Saw Julie Delpy's film yesterday, about a French photographer and her New York boyfriend, and their very un-romantic stay in Paris with her family, friends, and numerous exes. While there is an attempt to make a general statement about adult relationships, this is really just another re-hash of the classic "frog-eating, free-love-indulging, once-a-week-washing Frenchie" meets "puritan, hypochondriac, fast-food-obsessed, only-English-speaking Yank" scenario. It is the French that are the most vividly and somewhat cruelly portrayed, in the form of Delpy's neo-68, left-wing artistic entourage. Theirs is not the Paris of Amelie and her garden-gnome. Their Paris is rude, dirty, often obscene, and enjoys nothing more than laughing at the Americans' expense, especially if some frightening carcass of a formerly cute animal is involved. The cliches are all there, with a couple post-9/11 nuances thrown in for good measure, but they are taken to such outrageous extremes and replicated with such evident fondness by Delpy that, instead of being insulting, the film is for the most part really funny. It is a shame, though, that films about that complex, passionate relationship between France and America must always be reduced to slap-stick comedy.

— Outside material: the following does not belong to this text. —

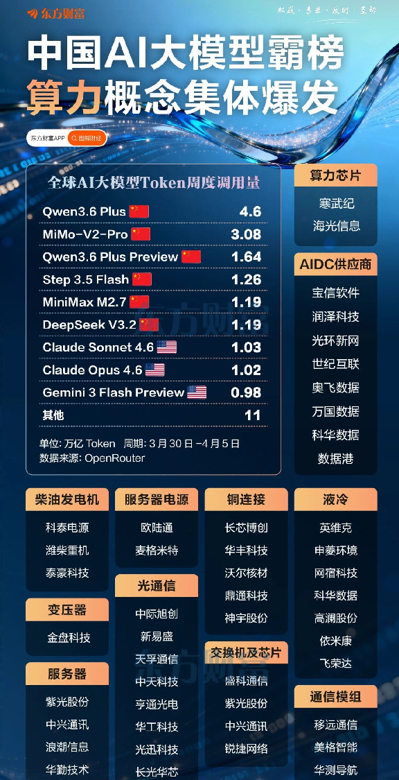 三是,据OpenRouter平台数据显示,上周(3月30日-4月5日),中国AI大模型周调用量达12.96万亿Token,较前一周增长31.48%,而美国仅为3.03万亿Token,环比增长仅0.76%,差距持续扩大。

Speaking of inter-cultural mayhem, tonight I have a second opportunity to meet my future classmates. The great tell-all will be posted tomorrow.
1 comment:
Are there any "frog-eating, free-love-indulging, once-a-week-washing Frenchie"s left?
If so, where? Sharing a house with me in Fonty, I hope. I've never been too fond of bathing, either. And what's with Americans' fascination with deodorant sticks anyway?